The present invention is directed to using a gelling unit generally indicated by the reference numeral 34 which is used in combination with the above described blending apparatus to blend and gel base fluid when and as needed. The gelling unit 34 includes an inlet 36 and an outlet 38. The inlet 36 may consist of one or more lines 40 which are connected to the discharge outlet 18 of the blender pump 12, preferably upstream of a throttle valve 42. The outlet 38 of the gelling unit 34 is connected, preferably to the upstream side of the throttle valve 42, but downstream of the inlets 36. However, inlet 36 and outlet 38 could be connected downstream of the throttle valve 42, but in such event they could become contaminated from the mixing vessel 22. The gelling unit 34 includes a mixing eductor 44 positioned between the inlets 36 and the outlet 38. One or more dry chemical feeders 46, at least one of which is a dry gel feeder, is connected to the mixing eductor 44 for feeding gel and other dry chemicals into the eductor 44 for mixing with the incoming base fluid. A dispensing pump 48 is connected between the mixing eductor 44 and the gelling unit outlet 38 and has a higher outlet pressure capacity than the discharge pressure of the blender pump 12 for insuring that the gelled frac fluid is properly circulated, blended and pumped downstream. A flow meter 50 and valve 52 are connected to the outlet of the dispensing pump 48 for measuring and controlling the flow rate through the gelling unit 34.

The dry chemical feeder pumps 46 may be K-Tron twin screw volumetric feeders. A plurality of such feeders 46 allows flexibility in feeding additional chemical additives into well stimulation fluid depending upon the products to be blended.
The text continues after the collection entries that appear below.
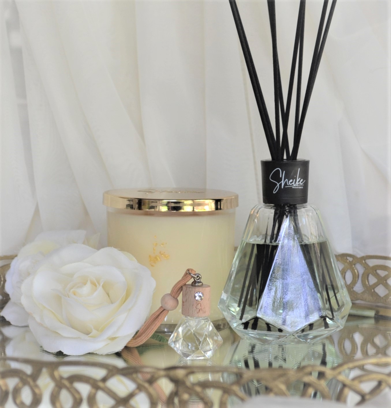 At Sheike Industries we handcraft a range of Elegant and Luxurious Soy Candles laced with 24K Gold as well as our signature Crystal Edition Diffusers for home or car which come beautifully packaged and encased in an exclusive Diamond bottle. These gorgeous diffusers are accentuated with A grade Cubic Zirconia's inside to add that sparkle and touch of glamour making this a statement piece not just an amazing, alluring scent.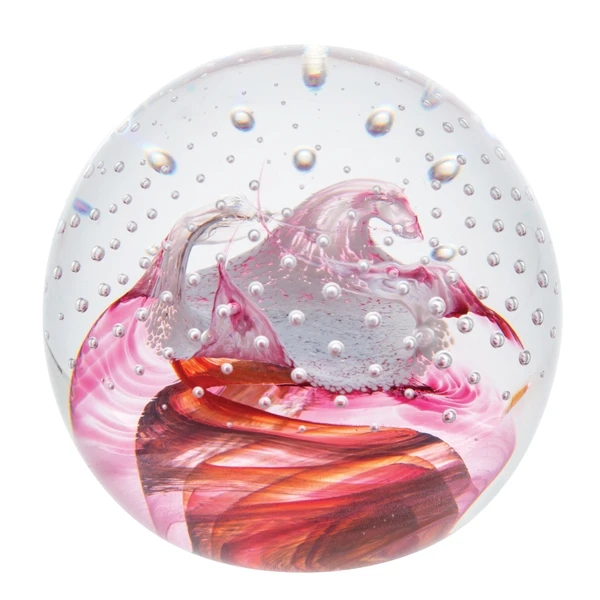 A dynamic swirl of ruby red glass fills this blown glass paperweight, conveying energy and celebration. Bright, vivid colour encapsulated in crystal makes a joyful congratulatory gift.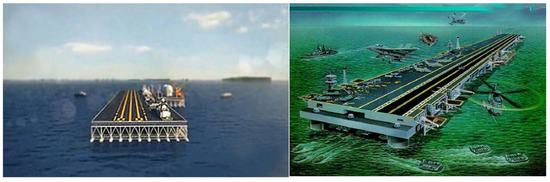 At present, offshore structures tend to increase in dimension and complexity. The so-called large multi-body floating offshore structure shown in Figure 1 and Figure 2 is a new type of floating offshore structure which has appeared in recent years, which is mainly composed of a substructure, connecting structure (truss or column), upper box structure, and superstructure. The substructure is composed of a row of distributed floating bodies. The length and width of the floating offshore structure are very large, while the height is very small. It is an extremely flat and flexible structure. Its stiffness and vibration natural frequency are low, and the elastic deformation cannot be neglected. The calculation of the floating body as a rigid body may greatly underestimate the bending moment [1]. In addition, under the wave action of multiple floating bodies, the reflected wave of a floating body will affect the motions and loads on other floating bodies, and waves will be amplified or sheltered in some areas. The fluid flow around the floating bodies is very complex, especially when the spacing between dispersed floating bodies is small and the fluid resonates inside the spacing. In addition, the viscous effect is also obvious, which makes it particularly difficult to predict the motions and loads of floating bodies. Since the size of a single floating body in the substructure is relatively small, strong nonlinear phenomena, such as wave overtopping the floating body and the water entry and exit of the floating body, will occur under severe sea conditions. Therefore, it is necessary to analyze the deformation of this large-scale offshore structure under fluid loads and the influence of floating body deformation using nonlinear hydroelastic methods accounting for the fluid viscosity, so as to obtain the wave loads and structural responses. According to the results of the tank model test, the deformation and displacement of each floating body are consistent at each time in head seas. Therefore, in order to reasonably reduce the difficulty and complexity and also to focus on the main problems, the present study chose to analyze the hydroelastic behavior of a single body instead of an entire floating structure and verify the feasibility of the CFD-FEA coupling method. The large multi-body floating offshore structure has many usages. The floating offshore structure of a length of 300 m is an independent and complete module, i.e., a module of a 300 m long structure alone can also be used as a floating port; in this case, a single module can be analyzed. If a larger length is required, such as that used as a floating airport, several modules can be connected by connectors. In the case of a large floating structure comprising of several modules, it is still reasonable and appropriate to start with the hydroelastic analysis of a single module.

The throttle valve 42 controls the flow of base fluid received, such as from the storage tanks 20, and the mixed gelled frac fluid from the gelling unit 34 whose total flow is measured by flow meter 54 and is supplied to the mixing vat 22. By noting the output of the flow meters 50 and 54, the proper blending of the amount of gel in the gelling unit 34 to the total amount of frac fluid used can be properly proportioned and controlled.

While the gelling agent and base fluid is thoroughly mixed in the mixing eductor 44, it is desirable that the mixing time be suitably increased, for example one minute, to insure that the gelling agent is hydrated before it is delivered back to the main blender system. Therefore, a discharge manifold 56 is provided connected to the outlet of the dispensing pump 48 having a volume sufficient for holding the mixture of gel and frac fluid a length of time sufficient for the gel to hydrate prior to reaching the outlet 38 of the gelling unit 34. For example, a piping manifold of fourteen inch pipe having a length of 115 feet would generally be sufficient to allow hydration.
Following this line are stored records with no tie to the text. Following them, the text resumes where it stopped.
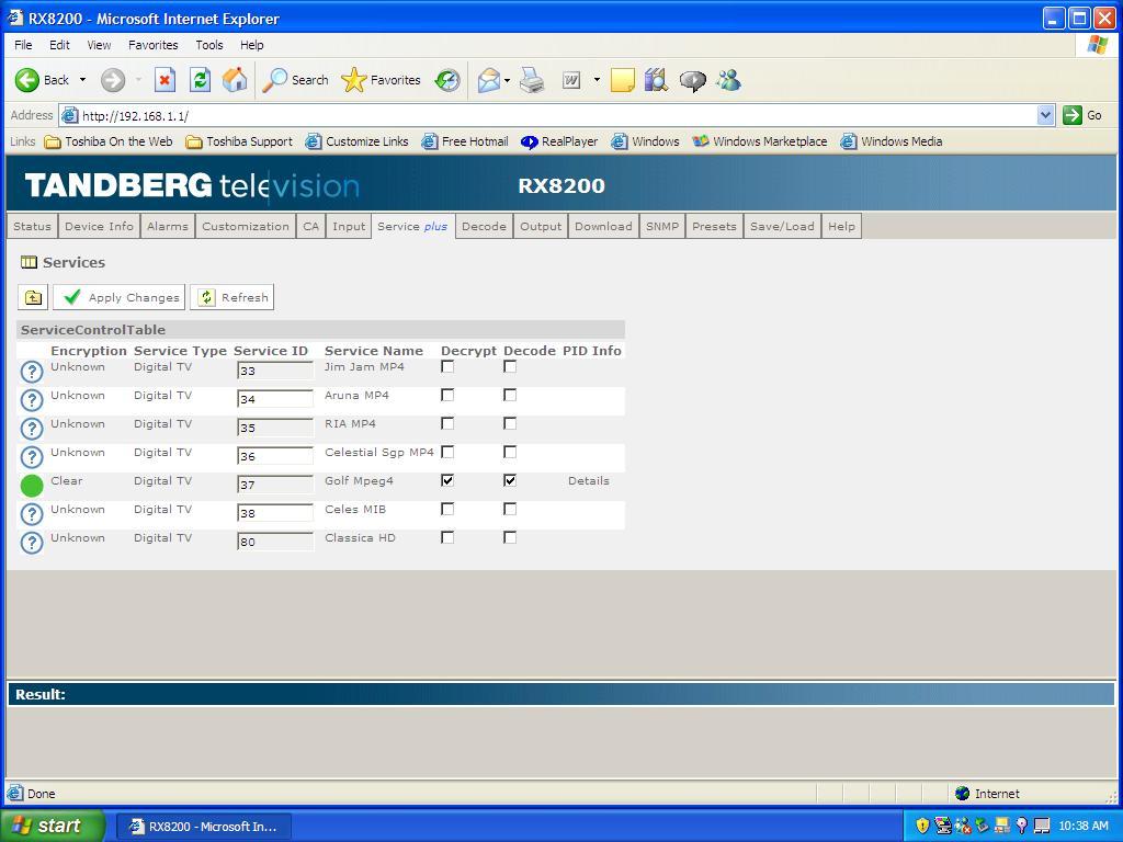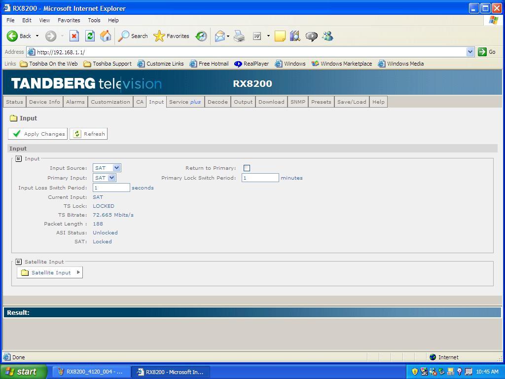 Measat 3A at 91.5°E - Global footprint : Tandberg RX 8200 _ measurement results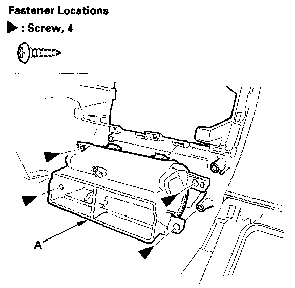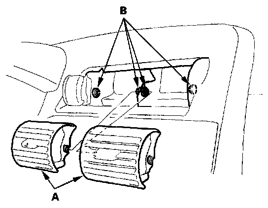 3. Remove the screws, then remove the driver's center vent assembly (A).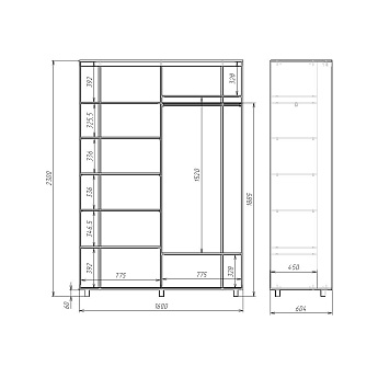 Шкаф-купе PRIME 160х60х230 (Дв-БлШ, (зерк., Дв), Ч), МАМА Дв-БлШ МАМА МК ООО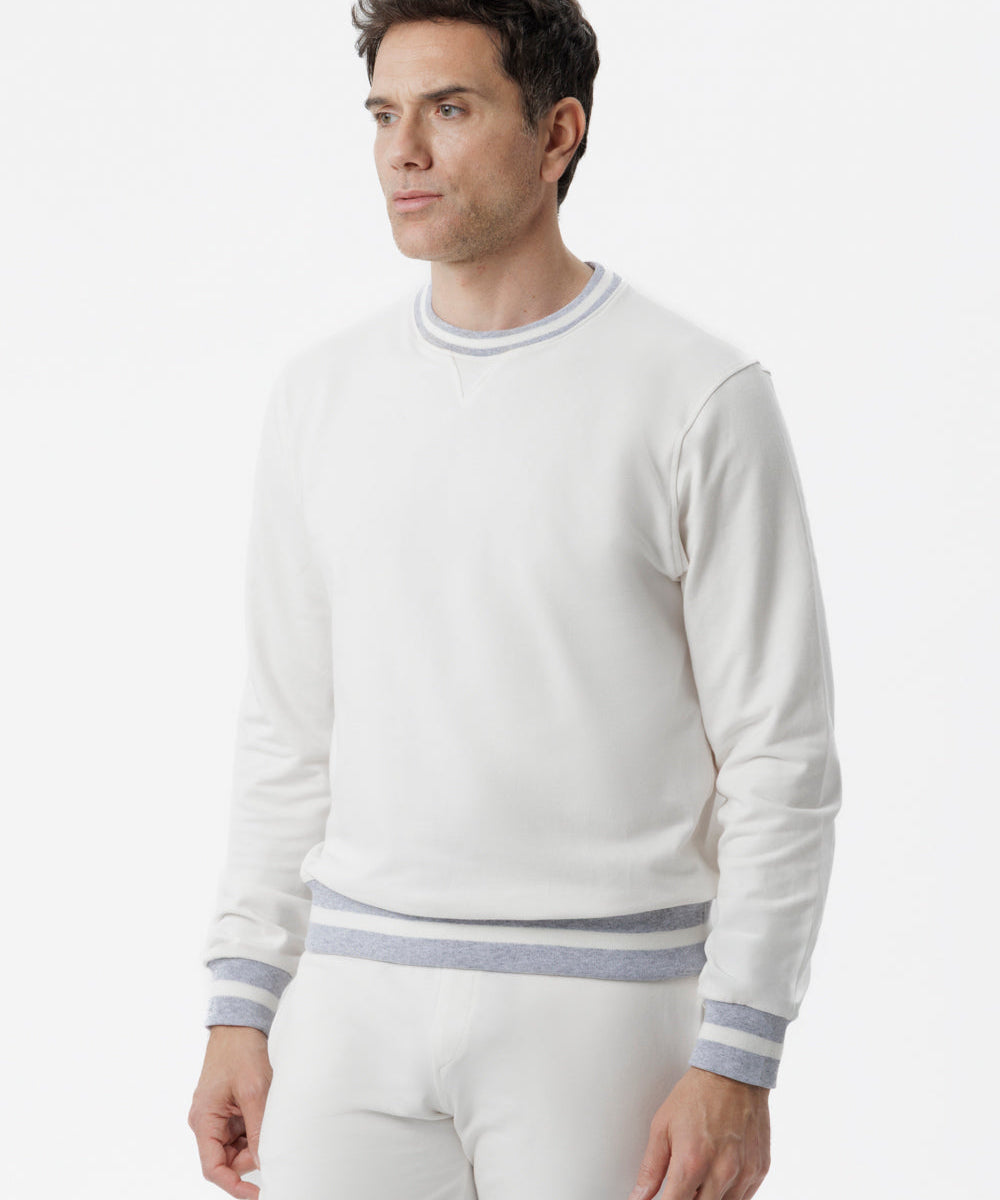 Felpa girocollo in cotone bianco con dettagli bicolore

Preferably, a receiving pump 58 is provided between the gelling unit inlet 36 and the mixing eductor 44 and with suitable valves in the gelling unit inlet 36 and outlet 38 for emptying the gelling unit 34 of materials at the end of an opertion. For example, various valves 60 and 62 are provided. During normal blending operations, the valves 60 are open and the valves 62 are closed. At the end of an operation, the valves 60 are closed and the valves 62 are open along with an air vent 64 in the discharge manifold 56 allowing the receiving pump 58 to empty the discharge manifold 56 and allowing the dispensing pump 48 to empty the eductor 44 directly into the blending system.
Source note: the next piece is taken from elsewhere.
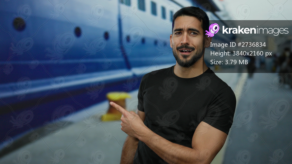 Young man in black shirt pointing at cruise ship in seaside port setting, exuding confidence and joy.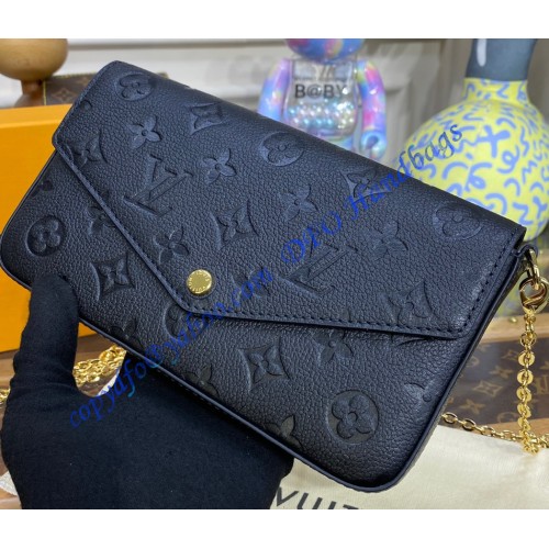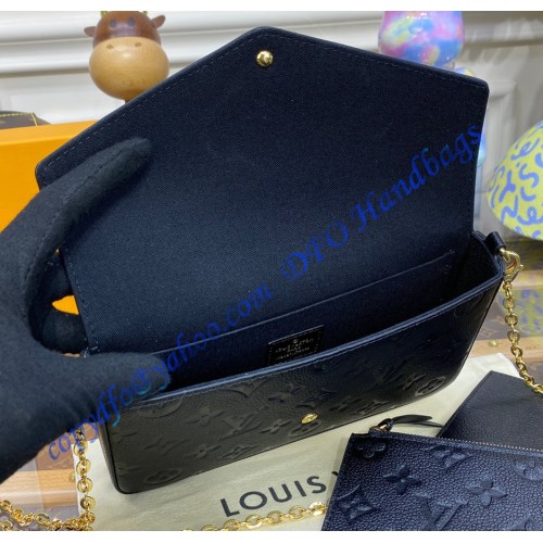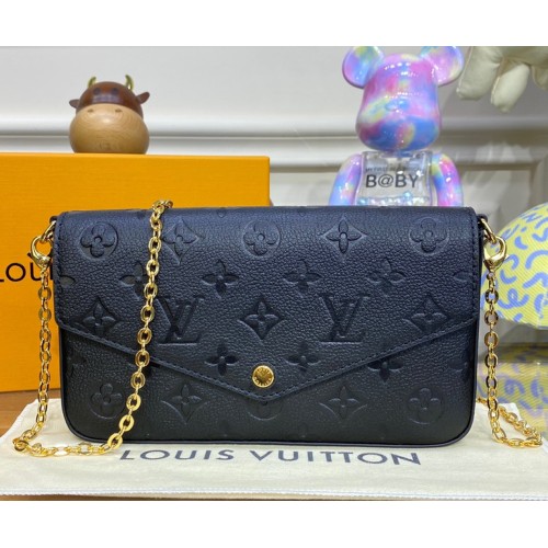 The Félicie Pochette is crafted from Monogram Empreinte leather, embossed with Louis Vuitton's signature Monogram pattern. Designed to adapt to modern lifestyles, this envelope-style pouch contains a spacious compartment with two removable pockets: one zipped, one with card slots. It can also be carried in different ways thanks to a removable chain.

Referring now to FIGS. 2 and 3, the mixing eductor 44 is best seen as being a circular tank having a tangentially directed inlet port 70 and an outlet port 72. A liquid level measuring float 74 is provided in the eductor 44 for measuring the fluid level therein and for controlling a valve 76 (FIG. 1) which limits the discharge by the receiving pump 58 into the mixing eductor 44. A splash shield 78 is provided around the outer edge of the eductor 42 above the inlet port 70 for preventing the rotating inlet fluid from splashing out of the eductor 44 but still providing an opening 80 in the top of the eductor 44 for the admission of the gel and possibly other chemical additives from the feeders 46 (FIG. 1). While the tangential flow of the incoming fluid through the inlet port 70 may be sufficient to thoroughly mix the gel and the frac fluid in the eductor 44 it may be desirable to provide a mixing paddle 81 positioned in the eductor 44 for insuring the thorough mixture of the added chemicals with the frac fluid.

Referring now to FIG. 1, one or more chemical injection pumps 82, 84, and 86 may be provided such as Sherwood diaphragm pumps for injecting fluid chemicals as may be required into the system. Preferably, one of the chemical injection pumps, such as 86, may be directed to inject chemicals into the suction pump manifold 16 such as for injecting acid into a water type frac fluid. The other chemical injection pumps 82 and 84 may inject other chemical additives into the slurry discharge manifold 30.

For convenience, the gelling unit 34 and chemical pumps 82, 84 and 86 may, if desired, be positioned on a movable trailer 88 which can be conveniently located and connected to the blender system. It is to be noted that fluid lines are connected between the gel inlets 36 and outlet 38 to either side of the trailer 88 whereby the trailer 88 may be positioned on either side of the truck 13.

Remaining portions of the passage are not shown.